═════ Data records

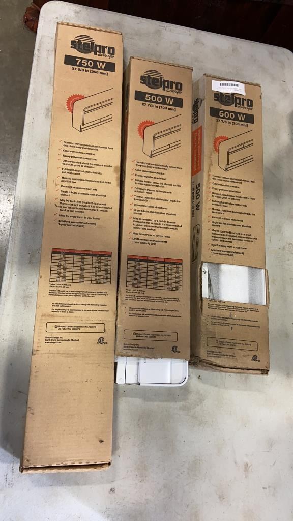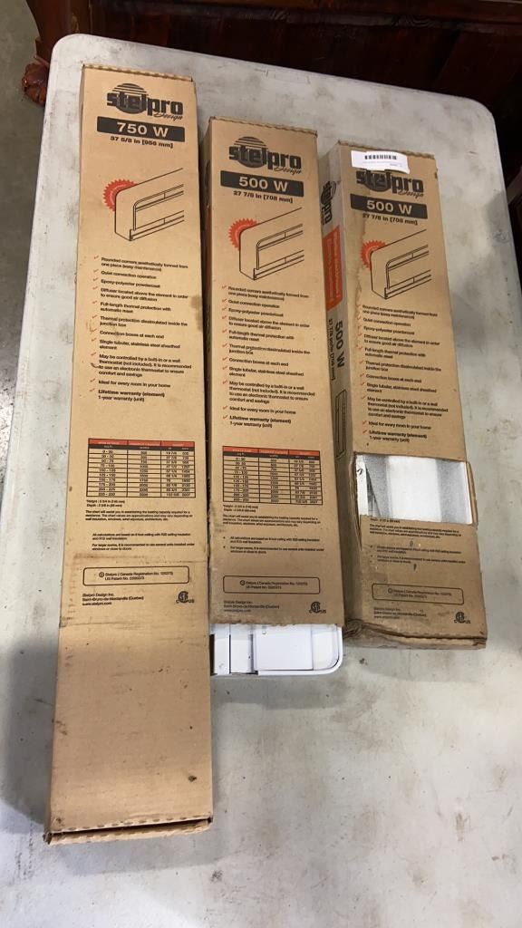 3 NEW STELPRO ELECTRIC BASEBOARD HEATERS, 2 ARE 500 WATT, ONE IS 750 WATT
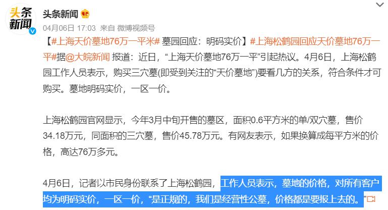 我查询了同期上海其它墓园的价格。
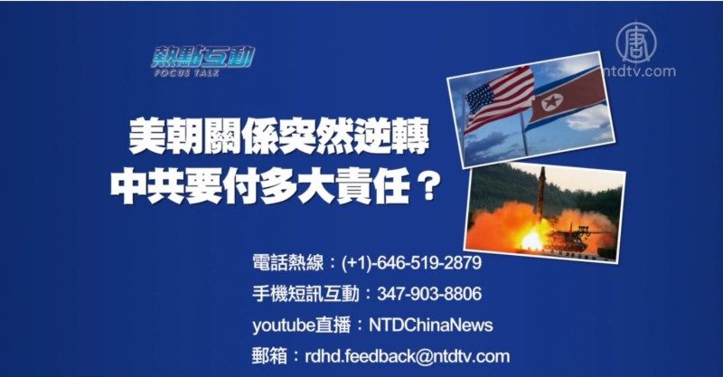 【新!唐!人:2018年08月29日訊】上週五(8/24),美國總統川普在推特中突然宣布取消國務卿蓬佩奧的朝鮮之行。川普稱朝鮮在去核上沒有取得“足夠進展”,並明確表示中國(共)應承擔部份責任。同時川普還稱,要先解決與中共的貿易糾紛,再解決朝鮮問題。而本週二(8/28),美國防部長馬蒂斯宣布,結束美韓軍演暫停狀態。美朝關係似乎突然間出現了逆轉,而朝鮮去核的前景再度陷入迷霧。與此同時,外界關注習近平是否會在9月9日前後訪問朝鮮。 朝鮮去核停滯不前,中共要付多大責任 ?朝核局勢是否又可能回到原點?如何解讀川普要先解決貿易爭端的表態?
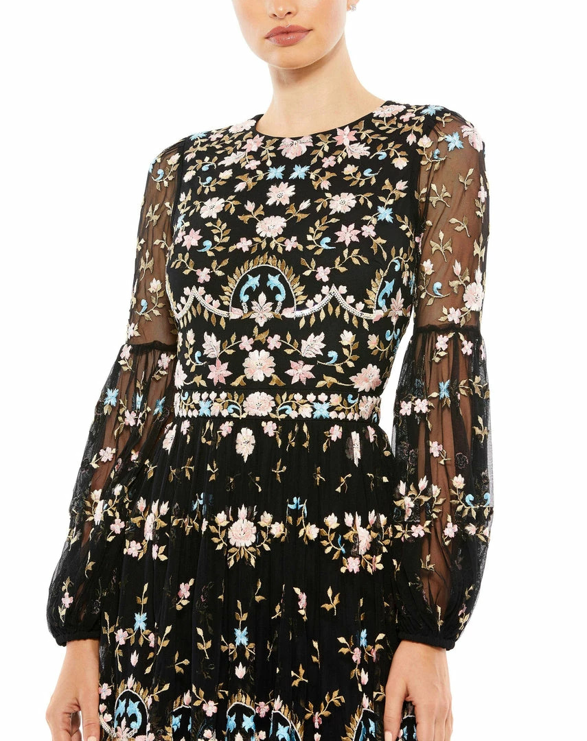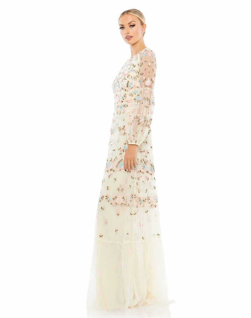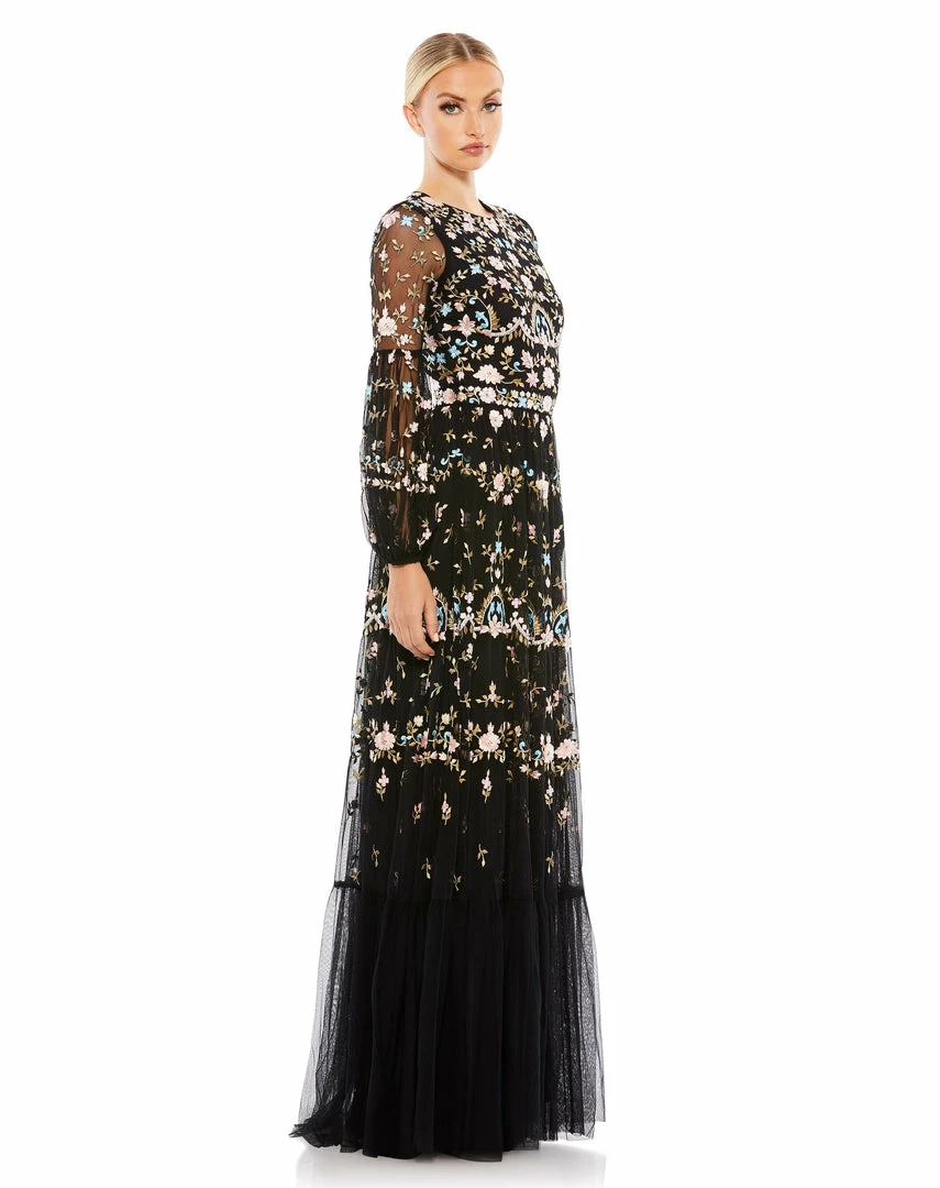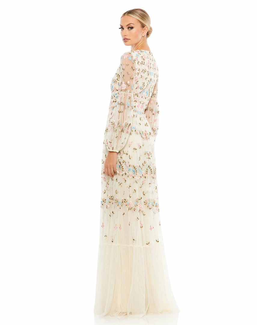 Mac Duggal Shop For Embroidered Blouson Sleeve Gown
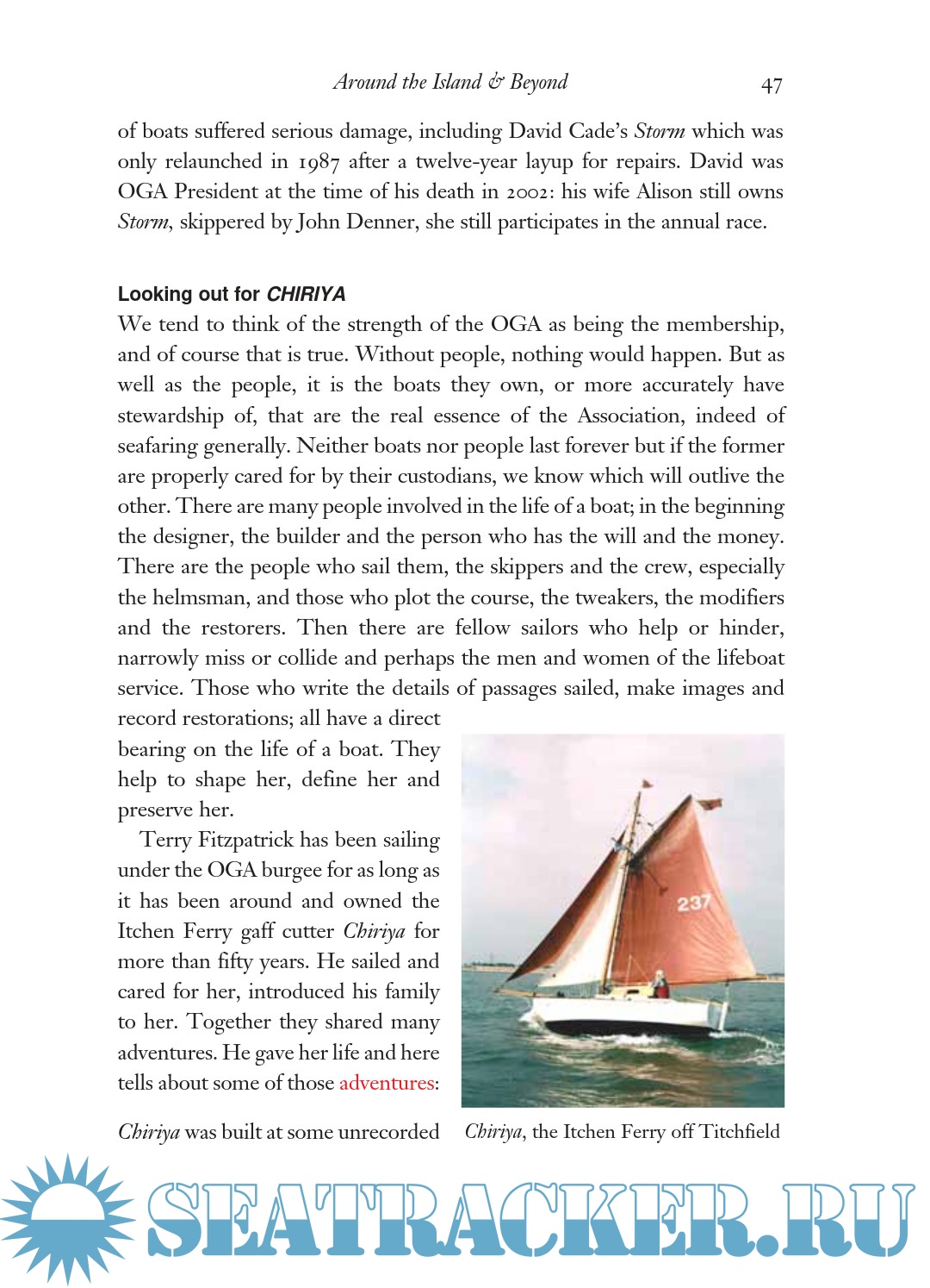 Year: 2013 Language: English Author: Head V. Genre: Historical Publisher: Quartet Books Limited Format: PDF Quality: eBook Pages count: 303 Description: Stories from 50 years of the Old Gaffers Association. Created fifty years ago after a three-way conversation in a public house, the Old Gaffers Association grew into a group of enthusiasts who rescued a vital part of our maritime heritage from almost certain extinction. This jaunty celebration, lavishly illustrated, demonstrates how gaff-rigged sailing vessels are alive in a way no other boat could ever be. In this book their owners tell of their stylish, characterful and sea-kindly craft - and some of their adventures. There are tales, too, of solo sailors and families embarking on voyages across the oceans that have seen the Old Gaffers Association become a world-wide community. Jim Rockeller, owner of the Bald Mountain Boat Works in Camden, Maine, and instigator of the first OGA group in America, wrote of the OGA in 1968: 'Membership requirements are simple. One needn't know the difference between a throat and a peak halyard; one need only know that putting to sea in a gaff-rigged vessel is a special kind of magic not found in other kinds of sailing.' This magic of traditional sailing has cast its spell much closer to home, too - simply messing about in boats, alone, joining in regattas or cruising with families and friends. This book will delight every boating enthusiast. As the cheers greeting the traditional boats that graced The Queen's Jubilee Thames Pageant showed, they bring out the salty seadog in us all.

══════════
═════ Data records

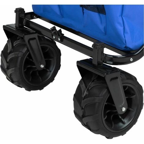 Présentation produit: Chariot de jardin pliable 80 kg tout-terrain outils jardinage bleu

══════════

Extract, without any images, the part of the material above that opens with the line containing "我查询了同期上海其它墓园的价格。" and closes with the line containing "Mac Duggal Shop", both lines included.

 我查询了同期上海其它墓园的价格。
 【新!唐!人:2018年08月29日訊】上週五(8/24),美國總統川普在推特中突然宣布取消國務卿蓬佩奧的朝鮮之行。川普稱朝鮮在去核上沒有取得“足夠進展”,並明確表示中國(共)應承擔部份責任。同時川普還稱,要先解決與中共的貿易糾紛,再解決朝鮮問題。而本週二(8/28),美國防部長馬蒂斯宣布,結束美韓軍演暫停狀態。美朝關係似乎突然間出現了逆轉,而朝鮮去核的前景再度陷入迷霧。與此同時,外界關注習近平是否會在9月9日前後訪問朝鮮。 朝鮮去核停滯不前,中共要付多大責任 ?朝核局勢是否又可能回到原點?如何解讀川普要先解決貿易爭端的表態?
 Mac Duggal Shop For Embroidered Blouson Sleeve Gown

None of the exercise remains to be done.